One of the reasons Mayor John Hickenlooper has a high approval rating is he’s accessible.
Want him to speak at a community center opening? He’s there.
A meeting with business owners? What time?
If he can wedge it into his schedule, he’ll be there, with that upbeat attitude.
So it was no surprise he attended a breakfast fundraiser Friday for El Centro Humanitario Para los Trabajadores, a day-labor center.
But he never thought he’d get surrounded by Minutemen.
Twenty men who oppose illegal immigration arrived uninvited. Their leader, Robert Copley Jr., videotaped the event.
That video is on the websites of the Colorado Minutemen Project and the Colorado Alliance for Immigration Reform. Watching it, you have to wonder why they’d want to document their rude behavior.

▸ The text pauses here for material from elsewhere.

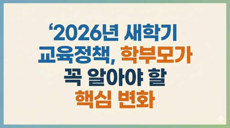 2026년 새학기가 성큼 다가왔습니다. 교육부에서 학부모님과 학생들이 꼭 알아야 할 핵심 교육 정책들을 새롭게 발표했는데요. 정부 공식 발표 자료를 바탕으로, 학부모님들이 이해하기 쉽게 핵심만 뽑아 완벽하게 정리해 드리겠습니다. 초3 대상 '방과후 프로그램 이용권' 신규 지원 초등학교 3학년 자녀를 두셨다면 꼭 챙기셔야 하는데요. 방과후학교 참여를 희망하는 초3 학생들에게 연간 약 50만 원 상당의 '방과후 프로그램 이용권(바우처)'이 새롭게 지급됩니다. 학부모님들의 사교육비 부담을 크게 덜어주고, 아이들이 자신의 흥미에 맞는 다양한 프로그램을 마음껏 선택할 수 있는 좋은 기회가 될 것입니다. 위기 학....... <img src="https://blogthumb.pstatic.net/MjAyNjAyMjdfMjQy/MDAxNzcyMTgwMzIyNzI0.Gm1IFwbpOALCNHbjUVHKbSEO4ZehSSQ5rZVtkZ5a1C8g.OlNxt7eFDY-vlPyOzEZyFunePTJcb-A99qFthcPkNpkg.PNG/Gemini_Generated_Image_l9b4y5l9b4y5l9b4.png?type=s3" />

One of them calls the mayor “Chickenlooper,” though not to his face.
With the video camera rolling, Minutemen encircled the mayor, hammering him with questions about Denver’s “sanctuary policies” toward illegal immigrants. The mayor spoke with them, answered their questions, then decided it was time to move on.
“I felt the conversation was over,” Hickenlooper recounted. “They weren’t saying anything new.”
Hickenlooper said it was the third such encounter he’s had with members of this group. They ambushed him at a public meeting this year and again after his State of the City address in July.
When Hickenlooper went back to his table to eat breakfast, several men followed him. One man hovered over the mayor. Finally, someone asked the men to leave the mayor alone.
“They were in his face,” said Paul
López, an organizer for the Service Employees International Union. “They weren’t respecting his space. It was an attempt to try and intimidate him.”
The mayor said he didn’t feel like he was being harassed, but he was slightly annoyed by one man who poked him in the chest. “It was light, but most people don’t like to be poked,” he said.
The Minutemen accomplished little more than spooking some of the 160 people who attended and raised $19,000 to refurbish the center’s building, said executive director Minsun Ji.
People come to the center looking for work, Ji said. While they wait, many take morning English classes.
Copley, a 42-year-old bail enforcer who lives in Lakewood and co-founded the Colorado Minutemen, said he’s exercising his right to pressure elected officials to enforce the law.
He feels so strongly about the issue that in April he spent two weeks in Naco, Ariz., with other Minutemen to patrol the border with Mexico.
Copley said he carried his Colt .45 with him, as well as a pocket knife and “other weapons” to protect himself, adding that he relies more on self-defense training.
He said his group in Naco found 50 people sneaking into the U.S. and reported them to the U.S. Border Patrol.
Copley realizes he isn’t getting anywhere asking the mayor to get Denver police to arrest undocumented people.
(Hickenlooper says Denver police are underfunded and need to focus on their job, not the job of federal immigration officers.)
Copley and other anti-illegal immigrant folks were unable to persuade Gov. Bill Owens to create holding areas (critics called them internment camps) for illegal immigrants.
But Copley and his group aren’t giving up. These days, he’s surveilling the day-labor center, though he won’t say why.
“I’ve been checking it out for three months,” Copley told me.
Expect more videos on his website, proof of all kinds of dastardly things, like immigrants seeking work and learning English.